Sunday, May 15, 2011

Growing PhDs "like mushrooms"

If you have been following this blog, it comes as no surprise that I frequently worry about the state of the university system. I believe there are structural problems in the system that are a disservice to students (both at the undergraduate and graduate levels) as well as staff (particularly adjuncts and non-tenure track faculty, but also to junior tenure-track professors as well).

Recently, Nature published a series of opinion articles on the over-production of PhDs in the sciences. We are producing too many people who are apprenticed in a career path that can accommodate only a fraction of them.

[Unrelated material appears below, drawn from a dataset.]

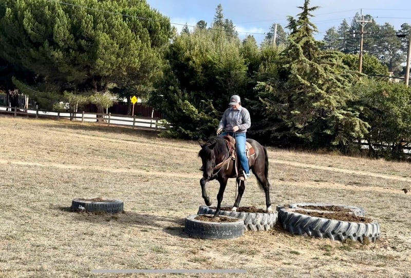 ONLINE AUCTION Place your bids at www.PlatinumEquineAuction.com Starting Bid $3500 Auction ends December 1st, 2024 Need a new saddle? Check out White Rock Saddles on our website or Facebook! Cuervo is a 10yr old titled BLM mustang off the Stone Cabin, NV HMA. He stands 14.2HH and has thick bone and a strong build. When I tell you, you won’t find a better trail stead I mean it! Cuervo is an absolute blast to ride long rides with your friends, or adventure alone. Being raised out in the steep terrain he is the epitome of sure footed and SAFE! He will travel through literally anything and never take a wrong step. He navigates through steep drops, rushing rivers, tree limbs, and rocks like a dream. Cuervo loves to go explore and always is the best mannered guy. He can lead the pack, stay in the middle, follow up the hind, or venture off alone and he will be content in any situation. Nothing phases him, he stays sane and quiet in all scenarios. We have carried flags, gone over tarps, and he is a natural pro at the trail course obstacles. Cuervo never refuses, or bocks at anything. He is the most willing, calm minded horse I have ever been around. We have also exposed him to roping and cattle and he has taken a liking to it and shows promise! He respects leg pressure, has the lightest touch neck rein handle, knows his leads and has pretty circles in the arena. He has an easy stop and reverses with light pressure. This guy can be left off and never change his sweet calm demeanor. He has no spook, no buck and no bolt making him a choice for any level rider. Cuervo always stands patiently tied for tacking, grooming and bathing. He will let you clip every hair on his body, face and ears no problem. Cuervo stands amazing for the farrier and has GREAT solid black feet that are easily maintained. He can load up in the trailer all by himself and back out easily. He’s been pastured with multiple horses or stalled alone. He doesn’t get buddy OR barn sourness. Cuervo is the definition of fun, safe and sane! If you’re a person wanting to be competitive in trail versatility competitions this is the guy for you! He would also accommodate anyone just wanting to maximize their joy of riding! We know you’ll love Cuervo just as much as we do! For any more information, please contact Cheyenne Rey 831-537-8746. He is located in Bitterwater, CA. ONLINE AUCTION Place your bids at www.PlatinumEquineAuction.com Starting Bid $3500 Auction ends December 1st, 2024 Need a new saddle? Check out White Rock Saddles on our website or Facebook!

As a result, we are spending longer in graduate school and in our postdocs, but the number of people passing through the needle eye to professorship is shrinking as tenure-track jobs get replaced with temporary and adjunct positions. In 1973, 55% of US biology PhDs secured tenure-track positions within six years of completing their degrees, and only 2% were in a postdoc or other untenured academic position. By 2006, only 15% were in tenured positions six years after graduating, with 18% un-tenured. This largely fits with my perception: it has been seven years since I began graduate school, and considering my incoming class,  we are evenly spread across remaining in school, having a post-doc and getting a job in industry. Not one of us currently has a tenure-track faculty position. Something must be very broken in the system for prospects to be this bleak for graduates of a top-five department.

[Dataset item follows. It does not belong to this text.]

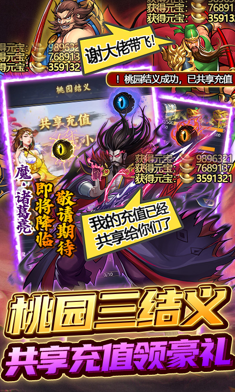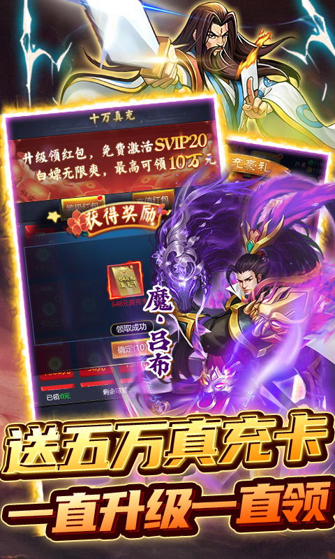 ★上线即送满级VIP20,188888元宝,1亿万铜钱,武将时装,海量道具!

So why doesn't the market change such that supply meets demand? Essentially, it's that the system runs on cheap graduate and postdoctoral labor. "Yet many academics are reluctant to rock the boat as long as they are rewarded with grants (which pay for cheap PhD students) and publications (produced by their cheap PhD students). So are universities, which often receive government subsidies to fill their PhD spots." In fact, faculty members who are reluctant to perpetuate this cycle are punished in grant review, writing in costs for a research scientist at $80,000 per year when others have the same work done by a postdoc at $40,000 per year.

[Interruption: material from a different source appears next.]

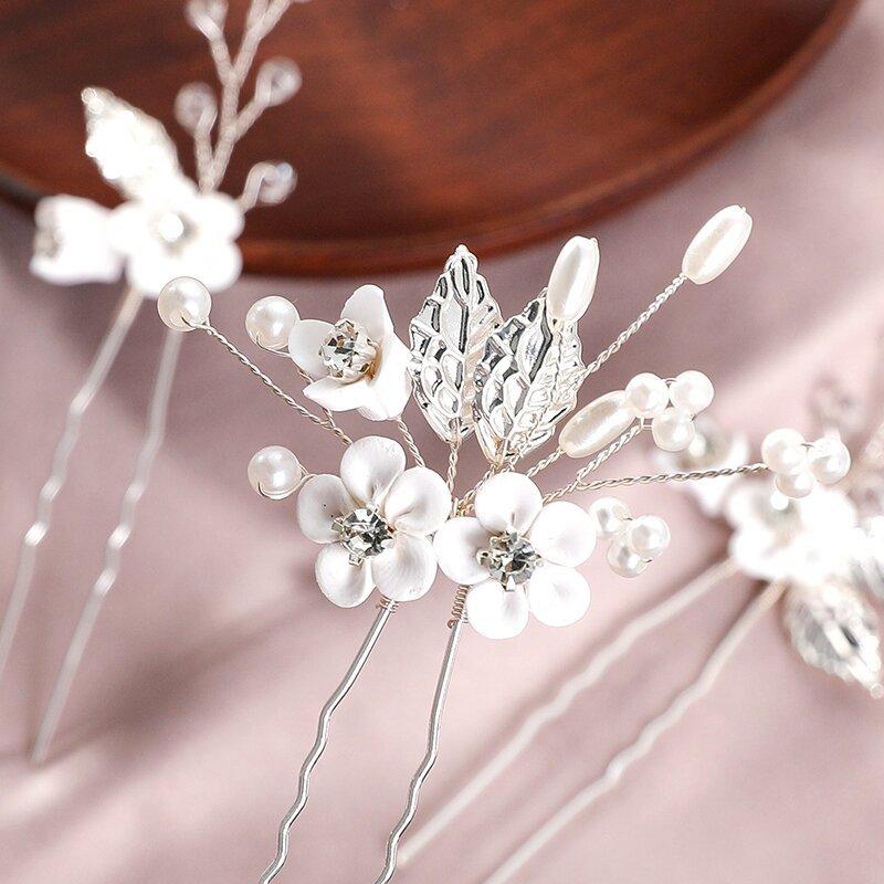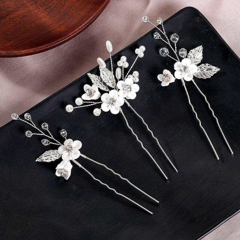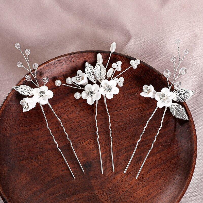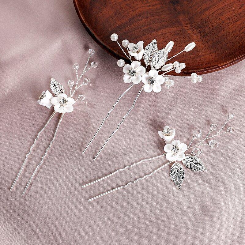 Conjunto de horquillas para novia transfronterizas, decoración para estudio fotográfico, tocado de flores con hojas y perlas de cerámica suave, tocado de novia para boda

So, how did we get here? Part of the issue has to be that more people are going to college than ever before and the university system does not properly scale to the demand. In the US in 1970, only 11% of people over the age of 25 had a bachelor's degree, but this number had climbed to 28% by 2009. So more graduate students, postdocs and adjuncts are being used to teach the courses to accommodate all of these new students. While some claim that it is just too expensive to have tenure-track faculty teaching all of these courses, one must also consider the recent trend towards massive salaries for university professors.

Actually, if anyone could explain university economics to me, I'd be grateful.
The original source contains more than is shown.